Tell us about a personal quality, talent, accomplishment, contribution or experience that is important to you. What about this quality or accomplishment makes you proud, and how does it relate to the person you are?

A personal quality that I have that I am actually quite proud of is my self-discipline and perseverance. I grew up in probably not the greatest part of Long Beach, California, and I have watched several of my childhood friends fall victim to the extreme pessimism that my living environment exuberates, many of whom have already lost all faith in themselves and life in general.

A particular event that is memorable to me took place around the summer before my first semester at Long Beach City College. A friend from high school invited me to a party at his friend's house and, with nothing to do that evening, I told him I would go. On the drive there, I anticipated a stereotypical college party, with a house packed full of senseless frat boys, mind numbingly loud music, and enough beer to get a zoo of elephants drunk. But when I got there, despite my preconception, it was nothing like that. It seemed like more of a hang out than a party. There was alcohol, a cigarette bud here and there, along with a few other drugs that I am not too sure were legal. They offered me whatever they had, but I rejected and they were cool about it.

The whole night went on kind of like a dream, there was about twelve or eleven people in the living room, all talking about how life was meaningless and dreadful. A girlfriend this, and someone's dad that; all of these excuses of why things did not turn out the way they were destined to be. I abstained to contribute to the conversation, and instead, leaked out of the room while no one was noticing and drove home.

At the start of my city college career, I decided to distance myself from all the people who bogged me down from my goals and aspirations. Although these people do not necessarily make up a bad group of people, they do give off bad energy, and that's something I needed to grow away from. I discovered that when I surrounded myself with the small minority of city college students who have actually took their education seriously, their energy and enthusiasm for both life and school subconsciously rubbed off on me. Knowing people that have given up in what they hoped and dreamed of merely because of a lack of motivation, I am proud of myself for having the kind of self-discipline to stick to the books even when doing so seemed pointless and persevered in an atmosphere that was anything but uplifting.

dreadhavok 1 / 2  
Nov 30, 2008   #2
your essay loooks really good. i would reccomend making a more interest grabbing introductory paragraph.
r991183878 6 / 19  
Nov 30, 2008   #3
I saw nothing wrong, but I agree with dreadhavok that your beginning should be a bit more creative than "a personal quality that I have..." other than that very good essay!
katacyklsla2ny 2 / 3  
Nov 30, 2008   #4
Hello FP thanks for revising my essay previously. I want to suggest that you revise your use of contractions for example: friend's -the apostraphe might not be needed their.

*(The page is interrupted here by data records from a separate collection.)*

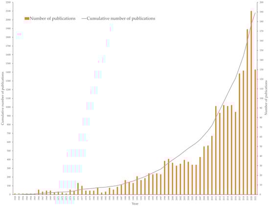 A total of 2080 fucoxanthin research articles were published from 1928 to June 2021 (Figure 1). According to the Scopus database, the first fucoxanthin research article was published in 1928. A small number of publications per year were observed (<10 units except 1976) until 1986. The amount of publication has doubled (around 20 units) per year since 1994. After that, the annual publications have elevated steadily and generated an immediate increase in the cumulative total publications. A remarkable increase in the number of publications was detected starting in 2017. In 2017, the number of publications exceeded 100 for the first time. The last decade’s publication on fucoxanthin corresponded to 64.90% (1350 publications) of the total publications since 1928. In addition, the previous years (2017 to June 2021) recorded 35.96% of the total publications on fucoxanthin. These findings indicated that a strong interest in fucoxanthin research occurred recently.
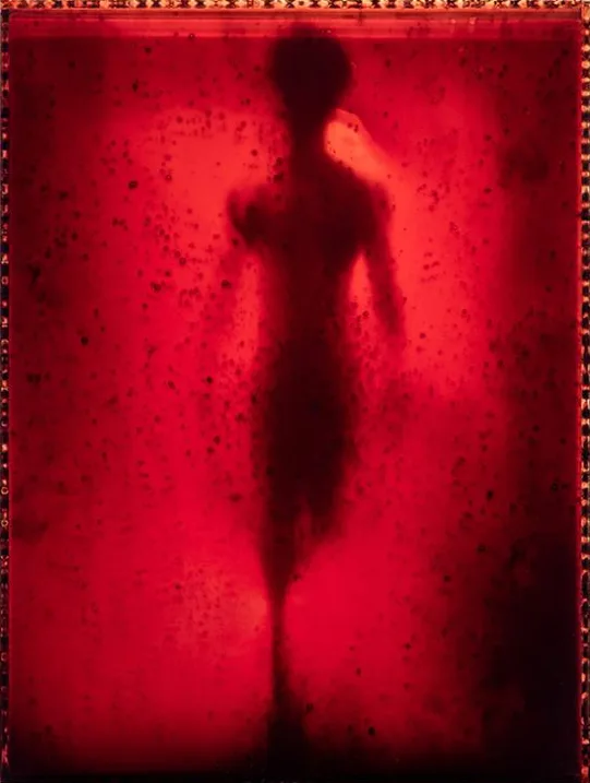 Rare Ongoing Ion, 2023, 22.5 x 30 x 3_, blood, ink, plexiglass, UV resin
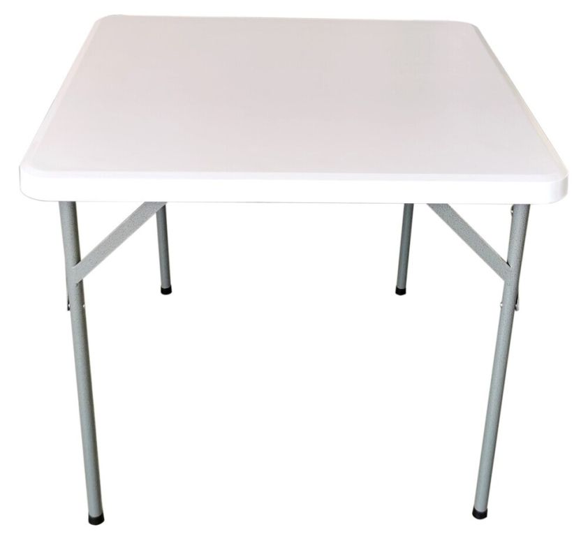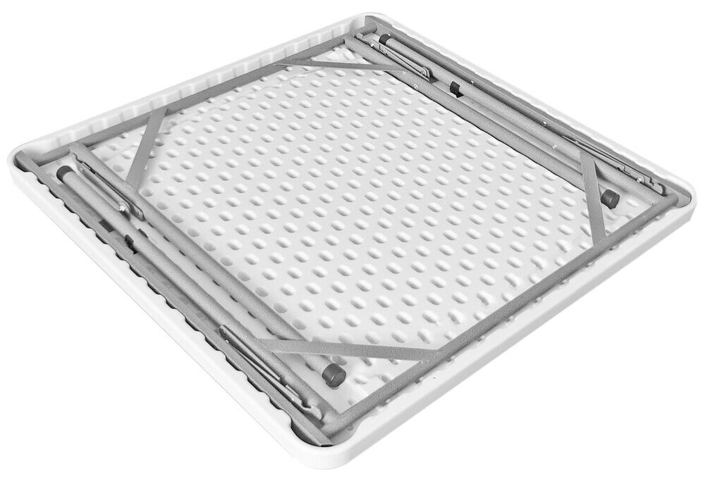 Składany stół wykonany z bardzo mocnego materiału HDPE ze stalową konstrukcją. Konstrukcja jest pomalowana farbą młotkową. Stół nadaje się do użytku zarówno wewnątrz jak i na zewnątrz. Idealne na imprezy cateringowe, kempingi, przyjęcia i konferencje. Stół jest bardzo łatwy do przechowywania dzięki możliwości składania - po złożeniu jego wymiary wynoszą 87 x 87 x 5,5 cm. Do stołu można dokupić krzesła cateringowe i stworzyć bardzo ładny, a przede wszystkim praktyczny zestaw.
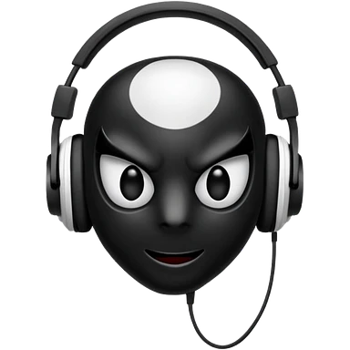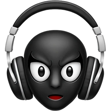 white panda, with red ears, with red, blue, pink headphones, with one button eye, and an ice cream splater on the headphones. emoji

Also, look into this sentence carefully:
Knowing people that have given up in what they hoped and dreamed of merely because of a lack of motivation, (right here this sentence become incomplete-finish your thought, include a period and then go on with I am.) I am proud of myself for having the kind of self-discipline to..

Congratulations on staying out of trouble and persevering amidst negativity.
OP TheFlameProof 4 / 20  
Nov 30, 2008   #5
thanks everyone! i took everything you guys said into consideration and i am glad for how the final product turned out. i wish all of you the best of luck and happy holidays!
stc3 1 / 2  
Nov 30, 2008   #6
The essay as a whole sounds pretty good to me.
I don't know if you've finished editing or not, but I did catch a few very minor mistakes.
For instance, "there was about twelve or eleven people in the living room" should be " there were about twelve or eleven people in the living room."

Another one that I caught was this: "who have actually took their education seriously" should be "who have actually taken their education seriously."

Aside from those two minor flaws I'd say you're good to go.